With this, ONGC's new well gas supplies have almost doubled to 6.8 mmscmd.
Officials said of the 22-23 mmscmd of APM gas production of ONGC coming to Hazira in Gujarat, 4 mmscmd goes to fertilizer companies for production of urea, 1.1 mmscmd is supplied to industries in Agra as per a Supreme Court order and 1.56 mmscmd is meant for the Bawana power plant in Delhi.
About 10 mmscmd of that gas is supplied to city gas companies at USD 6.75 per MMBtu rate. City gas firms also get 6.8 mmscmd of new well gas, which is priced at almost USD 8 per MMBtu.
The difference will further narrow next month, when rates are expected to be revised lower in line with declining oil prices.
APM gas is declining at the rate of 9-10 per cent annually as recovery from old and ageing fields falls. In the last one year, APM gas supplies to city gas retailers have been cut by almost 50 per cent.
With the latest cut, the APM gas now meets about 34 per cent of the total city gas requirement, down from 51 per cent previously.
Earlier this week, IGL, the firm that retails CNG to automobiles and piped cooking gas to households in the national capital and adjoining cities, in a stock exchange filing stated that it gets "domestic gas allocation for meeting the requirement of piped natural gas (to household kitchens) and CNG sales volumes at the pricing fixed by the government (presently at USD 6.75 per MMbtu)."

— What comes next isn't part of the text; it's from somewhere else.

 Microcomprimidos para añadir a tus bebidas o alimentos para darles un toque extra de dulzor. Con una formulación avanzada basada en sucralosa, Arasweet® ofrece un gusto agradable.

"Based on communication received by the company from GAIL (India) Ltd (the nodal agency for domestic gas allocation), this is to inform that there has been a reduction in domestic gas allocation to the company effective from April 16, 2025. The revised domestic gas allocation to the company is approximately 20 per cent lesser than previous allocation," IGL said, adding that it has been allocated an additional 125 per cent of the reduction in domestic gas volumes as New Well Gas (NWG), which is priced at 12 per cent of Indian Crude Basket.
This, it said, is expected to impact the profitability of the company.

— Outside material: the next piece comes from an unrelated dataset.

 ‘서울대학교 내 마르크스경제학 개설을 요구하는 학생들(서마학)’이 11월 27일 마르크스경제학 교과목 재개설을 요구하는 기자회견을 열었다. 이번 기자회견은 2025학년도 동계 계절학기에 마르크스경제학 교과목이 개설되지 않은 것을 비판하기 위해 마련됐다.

MGL, the city gas retailer in Mumbai, said as per Policy Guideline dated August 10, 2022, issued by the Ministry of Petroleum and Natural Gas, domestically produced Administrative Price Mechanisms (APM) natural gas is to be allocated to City Gas Distribution (CGD) companies for priority segments, specifically domestic Piped Natural Gas supplies (PNG) to household kitchens for cooking and CNG (transport fuel).
The policy states that the supply of domestic gas to CGD entities will be made only up to the quantity available and allocated to GAIL for these segments.
"In line with this policy, the company was allocated APM natural gas for Domestic PNG and CNG (Transport) based on APM gas availability. Allocation of APM to the company has been reduced by 18 per cent, effective April 16, 2025, compared to the previous fortnight APM allocation," MGL said.
"Reduction of APM volume has been replaced with New Well/Well Intervention gas (NWG). This will have an adverse impact on the profitability, however, the company is in the process of exploring all measures to mitigate the impact," it said.
Adani Total Gas Ltd, the equal joint venture of Adani Group and TotalEnergies of France, said it has been informed by GAIL "for a reduction of APM gas allocation by 15 per cent".
"This lower allocation of APM gas is being replaced with New Well Gas," it said.
"However, the higher-priced NWG and lower APM gas allocation will have an adverse impact on the profitability of the company. The company is exploring all measures to mitigate the impact," it added.
The cut in APM gas allocation translates into higher input costs for CGD companies, which could result in another CNG price hike by the companies.
Sehul Bhatt, Director-Research at Crisil Intelligence, said, the reduction in allocation of APM gas for CNG will likely prompt CNG players to hike prices by Rs 1-2 per kg to maintain their margins. "The latest reduction takes the cumulative reduction in allocation since the beginning of last fiscal to 45 per cent amid multiple revisions. Over this period, while most players have increased retail CNG prices by Rs 2-5 per kg, some have absorbed part of the hike to maintain volume growth despite the dent on margins."